Palitan tidak ingin berlama-lama dalam menjalankan tugasnya, untuk itu ia bersama temannya dan Panjura menuju pondok utama menemui Ki Resi Rengga.

"Mohon untuk menunggu barang sejenak di gondok ini. Aku akan meminta izin terlebih dahulu pada Eyang Guru."

Palitan tidak dapat menolak, dengan mengangguk Palitan duduk bersama temannya di gondok kanan pondok utama padepokan Sekar Wangi. Sesaat lamanya keduanya menunggu, berikutnya dapat melihat beberapa orang keluar dari dalam ruangan utama.

Mereka nampak menuju gondok dimana Palitan dan temannya menunggu.

''Syukurlah Tuan Kamandanu sudah pulih,'' kata Palitan sambil berdiri menyongsong orang-orang yang datang itu.

Lelaki yang sudah berumur dengan jubah putih tersenyum memandang Palitan. Arya Kamandanu bersama Ki Resi Rengga dan putranya, Jambu Nada serta keponakannya Ayu Wandiria.

''Ternyata Hyang Batara Agung masih memberikan kesempatan padaku untuk dapat menikmati dunia-Nya sampai hari ini,'' sahut Kamandanu. "Marilah kita duduk di sini sambil menikmati padepokan yang terlihat asri dan tenang ini."

''Maaf Tuan-tuan prajurit, kami tidak dapat menyambut kalian dengan semestinya,'' sela Ki Resi Rengga.

''Ah, ini sudah lebih cukup Eyang guru. Kami sudah mendapatkan sambutan yang istimewa sebelumnya dari Kakang Panjura,'' sahut Palitan.

''Kau berlebihan Adi, aku hanya memberikan makanan dan minuman sekadarnya,'' balas Panjura.

Sesat mereka saling menanyakan kabar dan berbincang ringan seputar padepokan dan juga tentang keadaan Majapahit yang mulai membaik.

''Maaf Tuan Kamandanu dan Eyang Guru. Kami tidak dapat berlama-lama di padepokan ini, kami harus segera melaporkan kembali tugas yang sudah kami laksanakan ini,'' kata Palitan setelah beberapa saat mereka berbincang-bincang.

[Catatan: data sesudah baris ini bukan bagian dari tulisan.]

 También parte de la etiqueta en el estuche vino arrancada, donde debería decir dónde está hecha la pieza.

Resi Rengga dan beberapa yang jadir di gondok itu mengangguk, mengerti dengan tugas-tugas keprajuritan yang diemban Palitan.

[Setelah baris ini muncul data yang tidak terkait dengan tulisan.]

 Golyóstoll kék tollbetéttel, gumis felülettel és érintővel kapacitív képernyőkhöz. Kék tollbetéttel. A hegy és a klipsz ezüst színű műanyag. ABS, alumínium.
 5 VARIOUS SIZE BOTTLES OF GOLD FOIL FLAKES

Ayu Wandira yang cukup lama mengamati pembicaraan itu kemudian ikut berbicara, mengajukan keinginan hatinya.

''Paman, aku sudah rindu dengan Darma. Jika Paman mengizinkan aku ingin ikut kedua prajurit ini ke Daha."

Sesat Kamandanu terdiam, tampaknya lelaki itu menimbang sesuatu. Matanya kemudin berpaling pada Ki Resi yang manggut-mangut di tempatnya duduk.

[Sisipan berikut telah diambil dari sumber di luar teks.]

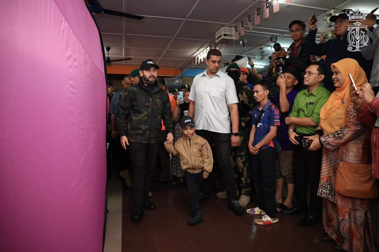 | Thái tử bang Johor Tunku Ismail Sultan Ibrahim đi thăm các nạn nhân lũ lụt. Ảnh: HRH Crown Prince of Johor |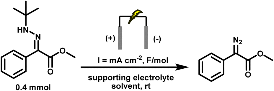 Electrochemical strategies have recently emerged as a promising alternative for the generation of diazo compounds44,45 and cyclopropanes.46,47 By replacing stoichiometric oxidants with electricity, anodic oxidation of hydrazones offers a direct, atom-economical route under mild, oxidant-free conditions.48–50 This not only reduces chemical waste but also allows fine control over redox potentials and reaction parameters, improving both selectivity and safety.51–54 Initial studies demonstrated the feasibility of generating diazo species electrochemically, but these reports were typically limited to one or two model substrates and often required isolation of the diazo intermediates before further use.55–57 More recently, our group, in collaboration with the Ollevier laboratory, reported a greener electrochemical method for generating stabilised diazo from simple hydrazones.44 The method proceeds under ambient conditions, tolerates air and moisture, and accommodates a range of substrates. However, even this approach remained incompatible with in situ transformations. The presence of additives such as potassium iodide and ammonium acetate, and the use of acetonitrile as solvent, led to side reactions that precluded direct downstream reactivity. In particular, these conditions were incompatible with carbene transfer, meaning that the diazo compounds, though generated in a greener way, still had to be isolated and purified. Thus, the intrinsic safety issues of diazo chemistry remained unresolved (Scheme 4).

''Ki Resi, rasanya keadaanku sudah pulih. Aku sangat berhutang budi dengan Ki Resi, namun aku tidak bisa berlama-lama di pedepokan yang nyaman ini. Masih ada beberapa hal yang akan kukerjakan dan juga ingin menemui cucuku yang saat ini cukup lama berpisah dari biyungnya."

''Sudah menjadi kewajiban sebagai manusia saling tolong menolong, jika itu sudah menjadi keputusan Tuan, tentunya saya tidak bisa menghalangi. Namun jika berkenan sebaiknya Tuan berangkat besok pagi agar terasa lebih segar,'' balas Resi Rengga ramah.

''Prajurit, jika kalian tidak keberatan marilah bersama kami berangkat besok pagi. Tapi jika kalian memang ada keperluan lain silakan mendahului kami,'' kata Kamandanu.

Sejenak Parlitan terdiam, kemudian mengangguk pelan.

''Sebenarnya tidak masalah berangkat besok atau sekarang, karena tetap saja akan bermalam di perjalanan. Mengingat Tuan juga akan ke Daha, sebaiknya kami menunggu juga sampai besok dan bersama-sama ke Daha.''

''Baiklah jika demikian, untuk saat ini silakan kalian beristirahat dan besok pagi sekali, kita akan berangkat bersama-sama,'' kata Kamandanu lagi sambil tersenyum.

Demikianlah, kedua prajurit utusan Kota Daha itu bermalam di Sekar Wangi. Keduanya menginap di pondok Panjura.